ASSIGNMENT - Only the lines below from the one that contains "Sluneční clonu lze" through the one that contains "생성한 Realm에서 User" should appear in your answer, exact and without pictures.

GIVEN DATA -
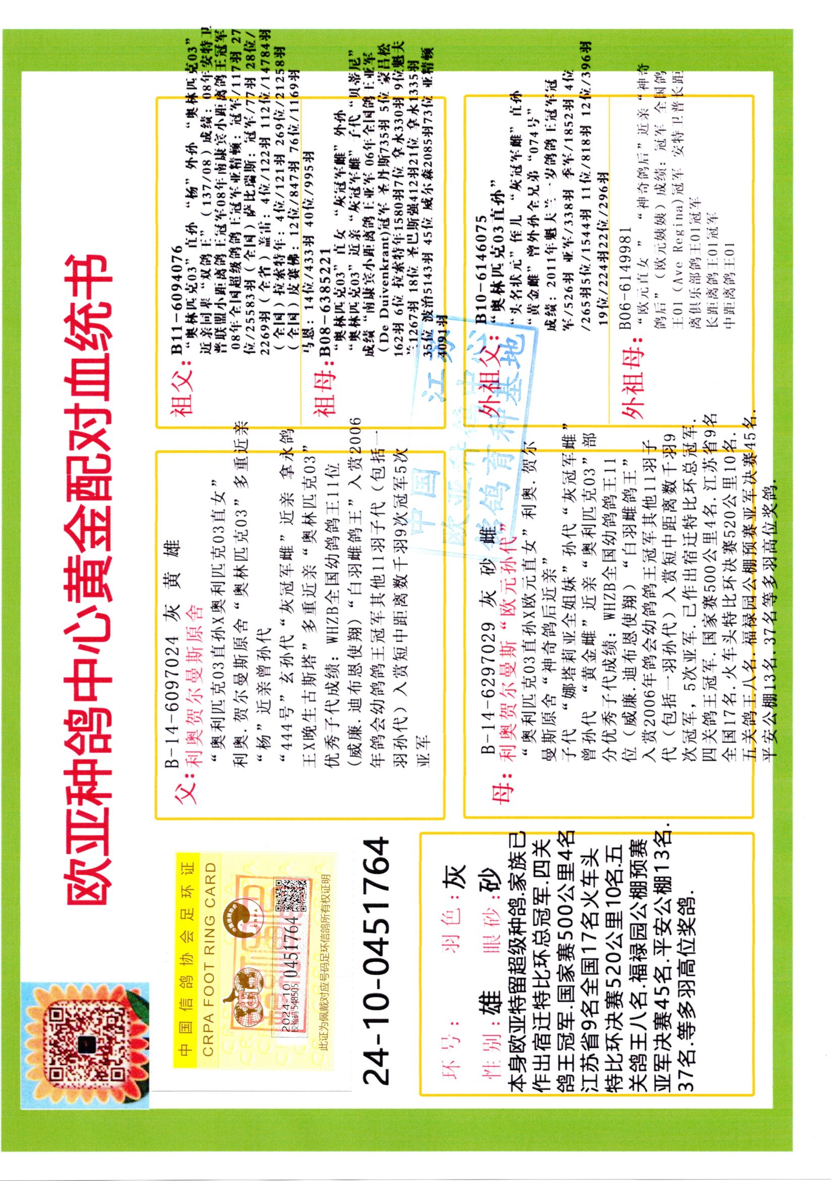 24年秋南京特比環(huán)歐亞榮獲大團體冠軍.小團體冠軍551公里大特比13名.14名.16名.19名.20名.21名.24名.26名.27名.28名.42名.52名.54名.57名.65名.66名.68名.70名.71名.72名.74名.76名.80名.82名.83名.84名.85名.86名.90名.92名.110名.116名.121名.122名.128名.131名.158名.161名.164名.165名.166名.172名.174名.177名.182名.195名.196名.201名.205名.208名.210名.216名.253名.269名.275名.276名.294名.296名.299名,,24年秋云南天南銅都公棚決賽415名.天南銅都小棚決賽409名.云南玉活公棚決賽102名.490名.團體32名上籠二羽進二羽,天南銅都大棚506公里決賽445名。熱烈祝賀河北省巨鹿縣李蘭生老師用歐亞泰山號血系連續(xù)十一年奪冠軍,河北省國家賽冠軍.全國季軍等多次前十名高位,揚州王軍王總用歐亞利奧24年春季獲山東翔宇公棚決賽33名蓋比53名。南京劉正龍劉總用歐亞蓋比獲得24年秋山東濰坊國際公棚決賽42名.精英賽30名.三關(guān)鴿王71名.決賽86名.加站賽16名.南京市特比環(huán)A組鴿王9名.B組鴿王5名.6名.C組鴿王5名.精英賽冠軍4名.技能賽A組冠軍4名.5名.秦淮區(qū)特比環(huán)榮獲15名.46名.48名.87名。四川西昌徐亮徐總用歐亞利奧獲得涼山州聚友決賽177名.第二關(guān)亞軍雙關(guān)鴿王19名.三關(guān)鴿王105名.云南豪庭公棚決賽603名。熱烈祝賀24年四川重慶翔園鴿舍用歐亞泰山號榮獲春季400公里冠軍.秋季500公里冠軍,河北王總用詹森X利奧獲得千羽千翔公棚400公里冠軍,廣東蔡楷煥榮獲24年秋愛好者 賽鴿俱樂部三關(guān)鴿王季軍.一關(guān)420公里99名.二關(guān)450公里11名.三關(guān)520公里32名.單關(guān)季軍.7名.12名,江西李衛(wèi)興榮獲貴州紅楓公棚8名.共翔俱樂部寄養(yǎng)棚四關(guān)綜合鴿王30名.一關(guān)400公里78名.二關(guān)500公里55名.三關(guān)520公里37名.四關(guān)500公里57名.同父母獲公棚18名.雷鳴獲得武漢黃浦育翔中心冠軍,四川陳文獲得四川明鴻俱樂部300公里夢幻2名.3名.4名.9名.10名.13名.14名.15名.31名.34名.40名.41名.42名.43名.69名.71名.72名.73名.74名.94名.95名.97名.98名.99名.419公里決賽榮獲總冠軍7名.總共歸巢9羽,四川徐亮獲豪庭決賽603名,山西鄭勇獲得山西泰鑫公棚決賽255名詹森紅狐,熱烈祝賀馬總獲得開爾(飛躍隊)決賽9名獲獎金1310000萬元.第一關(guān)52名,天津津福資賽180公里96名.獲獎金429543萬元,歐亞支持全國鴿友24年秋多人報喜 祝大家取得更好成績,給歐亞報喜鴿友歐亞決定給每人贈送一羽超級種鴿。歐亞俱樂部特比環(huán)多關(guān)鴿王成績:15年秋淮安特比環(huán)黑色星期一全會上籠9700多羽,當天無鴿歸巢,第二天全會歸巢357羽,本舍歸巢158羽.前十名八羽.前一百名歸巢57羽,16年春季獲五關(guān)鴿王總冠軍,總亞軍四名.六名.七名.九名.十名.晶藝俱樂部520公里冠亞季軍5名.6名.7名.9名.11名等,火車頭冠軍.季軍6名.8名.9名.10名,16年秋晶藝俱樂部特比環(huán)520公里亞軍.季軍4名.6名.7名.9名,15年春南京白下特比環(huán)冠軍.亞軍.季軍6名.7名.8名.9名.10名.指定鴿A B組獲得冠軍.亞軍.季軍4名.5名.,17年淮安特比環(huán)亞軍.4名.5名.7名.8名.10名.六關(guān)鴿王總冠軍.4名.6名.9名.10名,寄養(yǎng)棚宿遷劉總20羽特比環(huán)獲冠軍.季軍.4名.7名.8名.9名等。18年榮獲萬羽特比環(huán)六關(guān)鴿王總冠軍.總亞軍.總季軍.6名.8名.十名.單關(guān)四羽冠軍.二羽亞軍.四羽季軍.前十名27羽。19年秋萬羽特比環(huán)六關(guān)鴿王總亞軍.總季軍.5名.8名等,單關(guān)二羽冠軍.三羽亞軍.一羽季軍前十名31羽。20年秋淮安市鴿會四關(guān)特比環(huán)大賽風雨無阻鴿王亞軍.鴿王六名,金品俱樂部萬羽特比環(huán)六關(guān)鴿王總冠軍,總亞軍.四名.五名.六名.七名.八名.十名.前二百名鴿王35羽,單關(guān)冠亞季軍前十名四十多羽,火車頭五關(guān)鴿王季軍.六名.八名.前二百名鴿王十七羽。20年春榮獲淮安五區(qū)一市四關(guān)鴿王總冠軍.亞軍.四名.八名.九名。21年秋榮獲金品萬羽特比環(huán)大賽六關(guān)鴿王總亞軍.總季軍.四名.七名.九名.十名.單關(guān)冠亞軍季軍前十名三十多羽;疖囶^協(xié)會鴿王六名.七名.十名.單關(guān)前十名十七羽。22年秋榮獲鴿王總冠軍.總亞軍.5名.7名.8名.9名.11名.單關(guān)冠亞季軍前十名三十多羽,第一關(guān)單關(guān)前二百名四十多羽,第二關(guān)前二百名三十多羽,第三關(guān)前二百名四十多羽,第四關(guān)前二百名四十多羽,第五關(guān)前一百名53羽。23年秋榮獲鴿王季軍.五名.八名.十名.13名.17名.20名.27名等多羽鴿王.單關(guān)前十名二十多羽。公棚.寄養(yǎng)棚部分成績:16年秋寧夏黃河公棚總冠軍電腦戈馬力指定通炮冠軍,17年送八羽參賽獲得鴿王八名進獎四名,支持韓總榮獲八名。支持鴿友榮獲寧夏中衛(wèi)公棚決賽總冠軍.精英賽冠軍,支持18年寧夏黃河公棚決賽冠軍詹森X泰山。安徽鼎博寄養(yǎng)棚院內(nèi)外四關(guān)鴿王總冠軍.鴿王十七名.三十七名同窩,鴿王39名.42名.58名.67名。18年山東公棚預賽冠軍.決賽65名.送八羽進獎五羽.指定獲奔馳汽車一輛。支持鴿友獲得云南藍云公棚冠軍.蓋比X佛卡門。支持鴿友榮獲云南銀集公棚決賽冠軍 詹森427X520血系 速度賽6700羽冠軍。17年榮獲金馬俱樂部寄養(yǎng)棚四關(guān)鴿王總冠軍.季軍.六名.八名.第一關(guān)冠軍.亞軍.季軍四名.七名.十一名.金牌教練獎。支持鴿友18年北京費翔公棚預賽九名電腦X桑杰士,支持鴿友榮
...
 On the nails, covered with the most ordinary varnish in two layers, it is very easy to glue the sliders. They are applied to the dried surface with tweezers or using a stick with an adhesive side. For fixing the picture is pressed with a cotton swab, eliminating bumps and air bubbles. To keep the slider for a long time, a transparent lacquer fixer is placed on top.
* * *
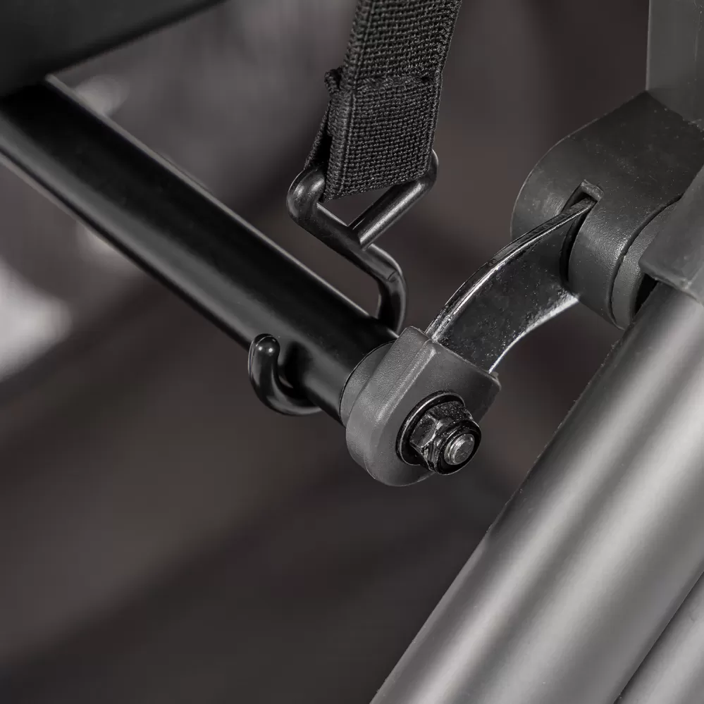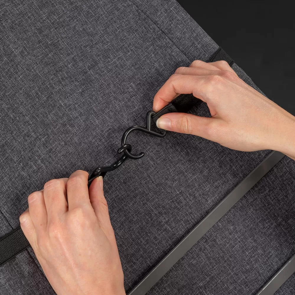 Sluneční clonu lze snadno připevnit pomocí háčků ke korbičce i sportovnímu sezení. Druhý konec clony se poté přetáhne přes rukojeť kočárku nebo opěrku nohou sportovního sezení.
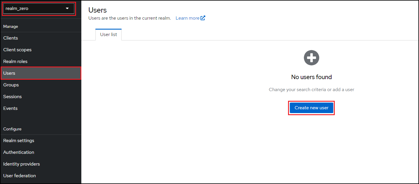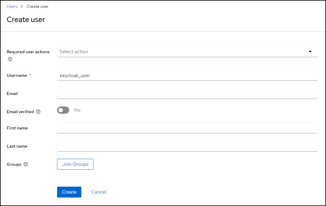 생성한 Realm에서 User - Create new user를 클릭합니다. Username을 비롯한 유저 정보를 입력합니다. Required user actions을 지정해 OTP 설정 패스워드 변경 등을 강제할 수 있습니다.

RESPONSE AREA -
 Sluneční clonu lze snadno připevnit pomocí háčků ke korbičce i sportovnímu sezení. Druhý konec clony se poté přetáhne přes rukojeť kočárku nebo opěrku nohou sportovního sezení.
 생성한 Realm에서 User - Create new user를 클릭합니다. Username을 비롯한 유저 정보를 입력합니다. Required user actions을 지정해 OTP 설정 패스워드 변경 등을 강제할 수 있습니다.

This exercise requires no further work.